🤖 AI Summary
This work addresses the high computational and memory overhead of self-attention in self-supervised speech models under low-resource conditions, where existing linear-complexity approaches struggle to effectively capture local contextual information. To this end, the authors propose Windowed SummaryMixing (WSM), a mechanism that integrates local neighborhood summaries alongside global utterance-level representations. Coupled with a selective fine-tuning strategy that updates only the WSM module parameters, the approach significantly enhances temporal modeling while preserving linear time complexity. Experimental results demonstrate that WSM improves recognition performance on low-resource automatic speech recognition (ASR) tasks and reduces peak GPU memory consumption by 40%, substantially lowering computational cost, memory footprint, and inference latency.
📝 Abstract
Self-supervised learning (SSL) has advanced speech processing but suffers from quadratic complexity due to self-attention.
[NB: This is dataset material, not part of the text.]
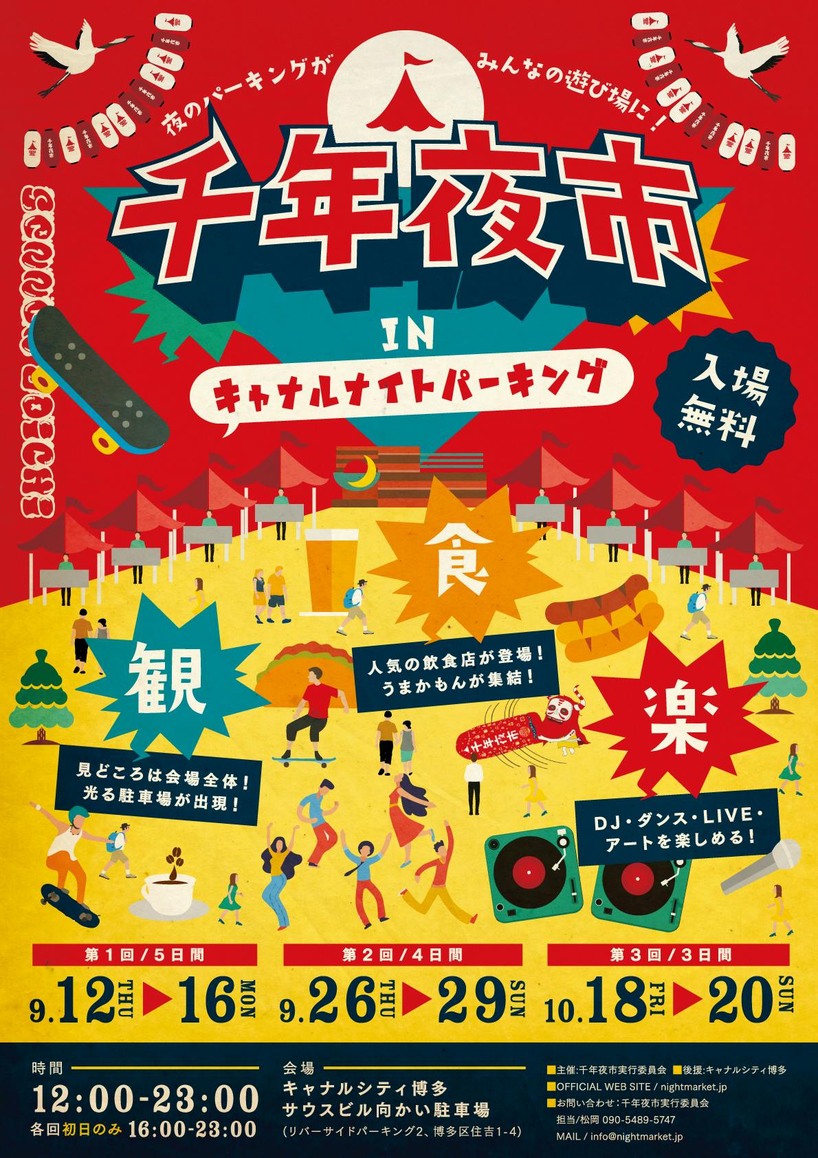2019/09/11 11:24福岡・博多の安心で安全な新しい夜の遊び場を創出する「千年夜市」が!新しく「キャナルナイトパーキング」と題して、DJ、LIVE、ダンス、アート、ポップアップショップ、スケボーランプなど“ストリートカルチャー”をテーマにした期間限定のナイトマーケットを開催します!今度の千年夜市のテーマは「ストリート!」です。ただの駐車場がみんなの遊び場に!?会場は普通のコインパーキング。街での遊び場が少ない昨今、仲間と集まれるような、ファミリーでも来れちゃうような、ありそうでなかった「夜の駐車場を遊び場に。」「ナイトパーキング」とは、今回の会場として使用する場所が、キャナルシテイ博多サウスビル向かいの駐車場であることから名付けました。ただの直訳です(笑)<1st> 9/12〜9/16は、LIVE & DJ &ダンスショーケース<2nd> 9/26〜9/29は、DJパーティ&ダンスショーケースその中でもスケートスクールや、スケボーゲームも開催しています。そしてなんといっても目玉は・・・!<3rd>10/18〜10/20「スケートランプ」が登場します!福岡・今泉にある「LATITUDEスケートショップ」が全面プロデュース。ファミリーでスケートスクールで遊べて、スケボーレンタルも出来るから外国人旅行者とのセッションも楽しめるかも。噂では県外から有名スケーターもゲストで来るとか?詳しい最新情報は 千年夜市の公式instagramにて♪www.instagram.com/sennenyoichi/もちろん会場内では千年夜市名物の“グルメ”も楽しめます。【 飲食参加店 】LOCO COMPANY/ガーリックシュリンプwithえだまめ雲鶏/秘伝のからあげとソーセージ中洲十番/一度食べたらやみつき?ナンサンドLINK/豚バラなどジャンボ串炭屋108/焼き鳥屋さんの鶏料理うまかもん市場 武蔵/激盛り焼きそばむたさんのホルモン焼きそば/自家製ホルモン焼きそばJOURNEY/美味しいお肉のステーキサンド水炊きもつ鍋 八風/水炊き屋の鶏の炭火焼はリピーター続出音楽酒場トレソル/お酒ならなんでもどうぞBARミスターケバブ/本場の味ケバブmunchies/宮崎からオーガニック料理洋風そば食堂 グリチネ/選べる日本酒とめ手羽/名店の手羽先、からあげ満月堂/大人気ハーブチキン、雲仙ハム串炭火焼 吉兆/よく売れてます鶏の炭火焼、焼きそばCafe OTTO シクロ/福岡のカフェ文化コーヒー、タピオカ松きのこの里/農家が育ててお届け、松きのこの天ぷら小梅屋/中洲のラーメン屋の人気メニューからあげ、ポテトKaori’s Grill/スパイス効いたペルー料理肉のうめぜん/肉屋がつくるチキンカツ、牛タン焼肉mighty five star/石窯で焼き上げますLIVEピザたこひら/オールドスクール小ぶりのたこ焼き今回もかなりハイレベルな飲食店街【チカッパ横丁】が登場します!会場の名前「リバーサイドパーキング2」と本当に普通の駐車場なんですけど、キャナルシティ博多の南側を歩いていたら、キャナルの入り口にも提灯が装飾されており、すぐに分かります!そして見どころは?会場全体!千年夜市の提灯が車道沿いにずら〜っとお目見えします!めざせ、光る駐車場!というわけで、清流公園で千年夜市が無い日は、隣の駐車場を煌々と照らしています!それしか出来ませんから!9/12(木)スタート♪ ☆★☆★☆★☆★☆★☆★☆★☆★☆★千年夜市(せんねんよいち) in ナイトパーキング開催日程 全12回①9月12日(木)〜 9月16日(祝・月)②9月26日(木)〜 9月29日(日)③10月18日(金)〜 10月20日(日)開催時間:12:00 – 23:00 (各回初日のみ16:00〜)開催場所:リバーサイドパーキング2(福岡市博多区住吉1-4)入場料金:無料予約:不要主催:千年夜市実行委員会後援:キャナルシティ博多 もっと見る

To address this, SummaryMixing (SM) has been proposed as a linear-time alternative that summarizes entire utterances using mean pooling but lacks sufficient local context. In this work, we introduce Windowed SummaryMixing (WSM), which enhances SM by integrating local neighborhood summaries alongside the global summary, maintaining efficiency while improving temporal dependencies. Additionally, we introduce a selective fine-tuning approach, replacing self-attention layers in SSL models with WSM blocks and fine-tuning only these blocks in low-resource settings. Our approach improves ASR performance while reducing peak VRAM usage by 40\% in the SSL models. WSM blocks have linear-time complexity with enhanced context awareness. Selectively replacing some attention layers reduces compute, memory, and latency, making it ideal for low-resource speech recognition.